When using ARM, the slow down of calculate that I was seeing was smaller (~ 10%) and was cancelled by the optimization. I think this is why you reported htt to be faster than pre-htt with WHOLEMOLECULES (without forces).
I hope this is clearer (and there are no other mistakes).
In any case, the results (with forces) are significant on ARM as well, which means you can try yourself. What you should do is just:
master
, compile it, and source itplumed-runtime benchmark --kernel /path/to/lib/libplumedKernel.dylib
with the kernel you want to test. If you use the installed master (and not the "sourceme") you have to do:
export PLUMED_KERNEL=/path/to/master/lib/libplumedKernel.dylib
/path/to/master/lib/plumed/plumed-runtime benchmark --kernel /path/to/lib/libplumedKernel.dylib
You need these tricks to run a different version of plumed within master
@GiovanniBussi thanks for explaining.

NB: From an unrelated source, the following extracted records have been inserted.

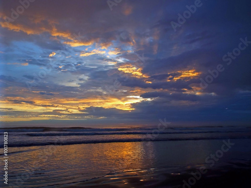 © Frank Jr, Fototapeta premium Cloudy Sunset Over the Ocean with Waves in the Foreground
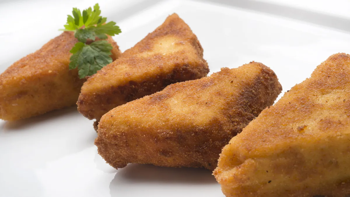 Saca la masa del recipiente y córtala en triángulos. Pásalos por harina, huevo batido y pan rallado. Pon a calentar abundante aceite en una sartén, agrega los triángulos y fríelos. Escúrrelos sobre un plato forrado con papel absorbente de cocina.
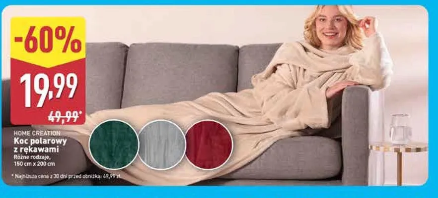 Zastanawiasz si臋, gdzie kupi膰 i ile kosztuje produkt Koc polarowy z r臋kawami 150 x 200 cm Home creation? Regularnie sprawdzamy, czy jest promocja na ten produkt w Biedronka, Lidl, Kaufland, Auchan, Netto, Makro i innych sklepach. Aktualnie nie posiadamy ofert promocyjnych na ten produkt.
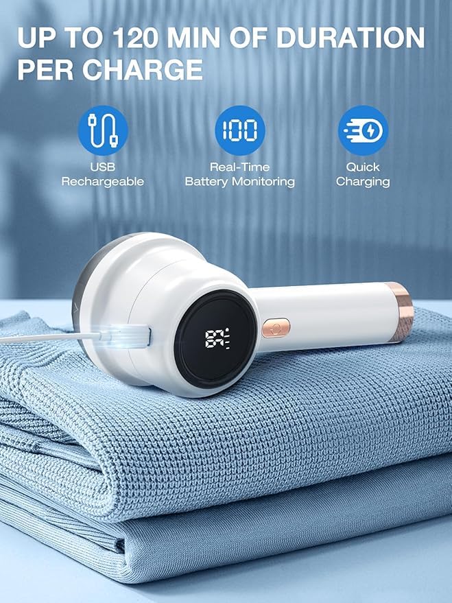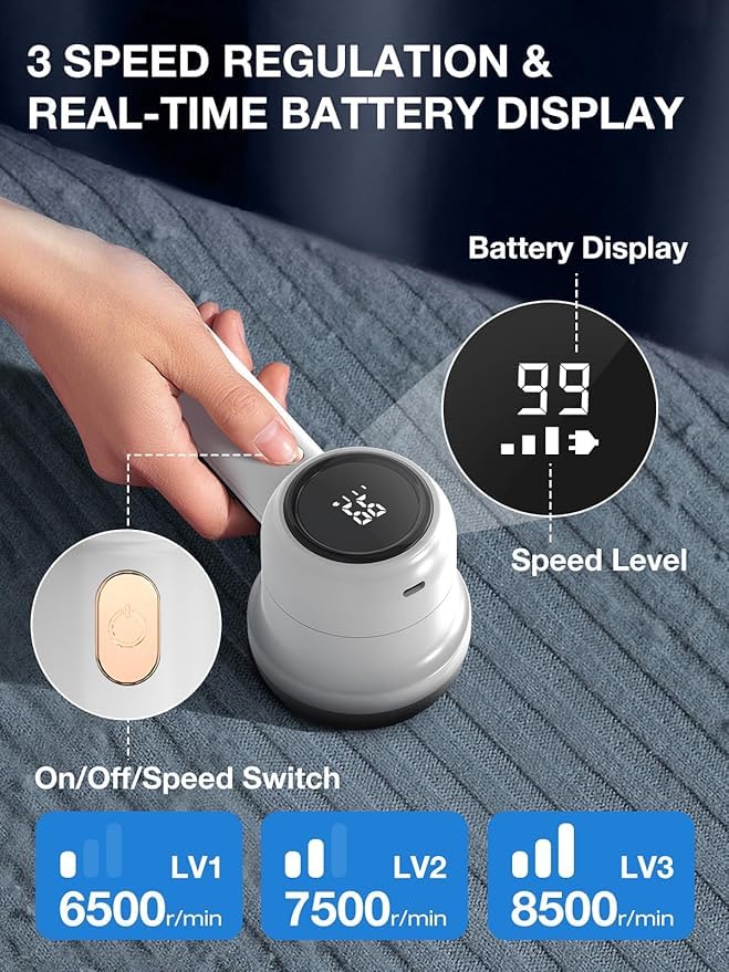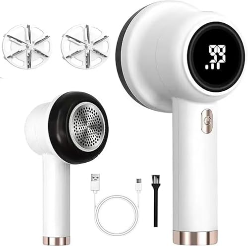 Zenzres - Rechargeable Fabric Shaver, Electric Lint Remover with 3 Speed Settings, LED Display, 6 Blade Design

It is much clearer now. I will try to take a look at this in the next couple of days.
I tried to see (on INTEL, where the discrepancy is larger) where the slowdown comes from.

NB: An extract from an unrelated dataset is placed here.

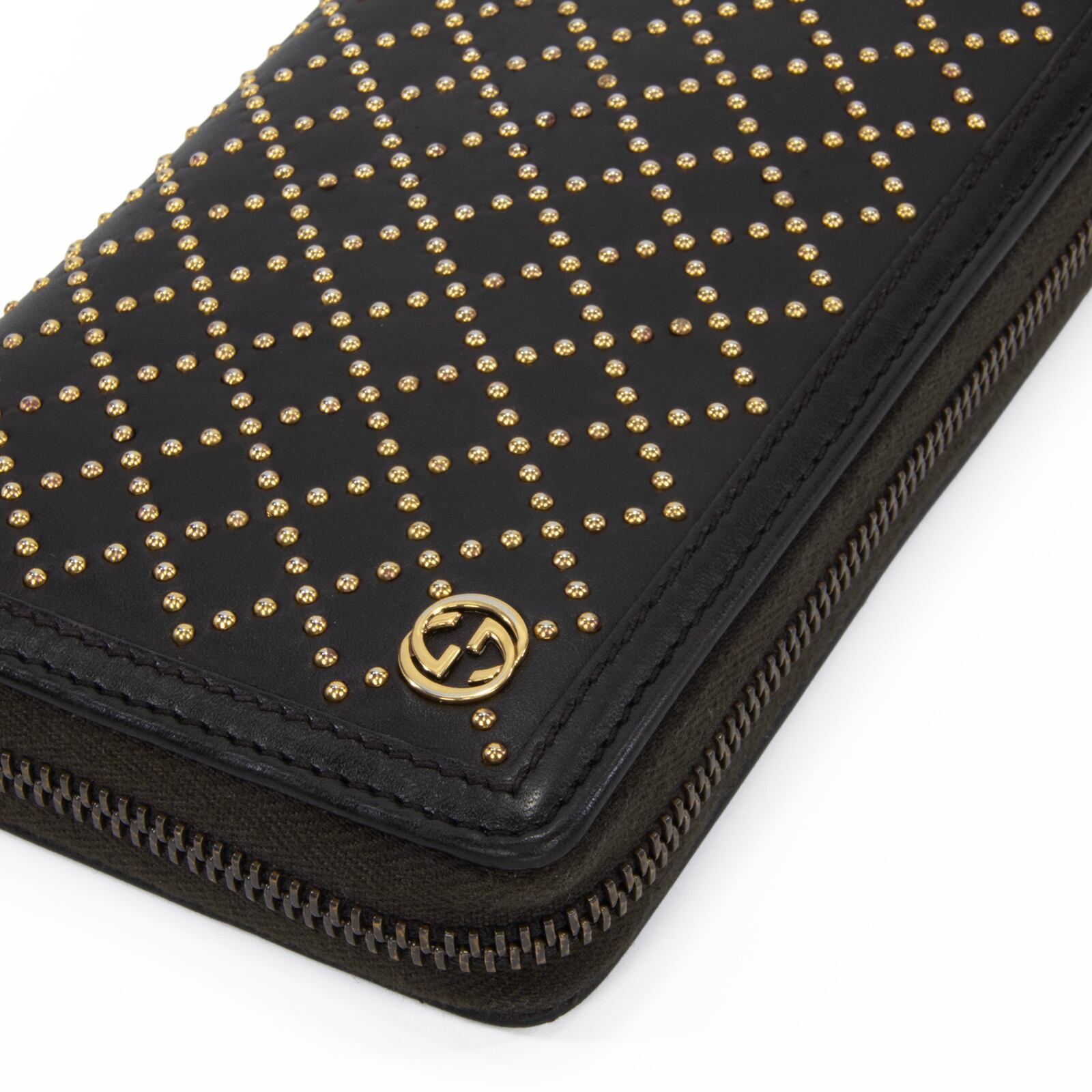 本物 送料無料 グッチ 長財布 ラウンドファスナー メンズ レディース 日本限定 ディアマンテ 茶色 ダークブラウン GGロゴ スタッズ G119

From the attempts I did here: hack-whole-molecules-do-not-merge I guess it's memory access. I am sure there's a better way to test this. In this branch I slowly destroyed wholemolecules functionalities to make it faster
@gtribello related to the instructions to run correctly the benchmarks, I should have fixed things on the master branch so that if you install plumed you should be able to do:
/path/to/master/lib/plumed/plumed-runtime benchmark --kernel /path/to/lib/libplumedKernel.dylib
without setting PLUMED_KERNEL
, both on MacOS and Linux.
I think that running plumed in this way (as if it was chosen at runtime) has a number of advantages, that we might decide at some point to swap this for the real executable, I mean having /path/to/bin/plumed
which is actually loading the kernel at runtime, and at the same time make --runtime
the default option when patching MD codes.
@gtribello I tried to optimize wholemolecules, it's mostly inlining stuff but you might want to check if I did things right.
What worries me a bit is that even with this impressive improvement (almost a factor 2) I am back to timings pre-htt. Here's my timing (no graphs, but it should be easy to understand):
This is my input file:
So far so good, but previous @gtribello 's tests were reporting wholemolecules as being faster in htt than in master, whereas I see it slower by a factor ~ 2x (before this modifications).
Is there something that I am missing? I am doing my tests on an intel MacBook Pro.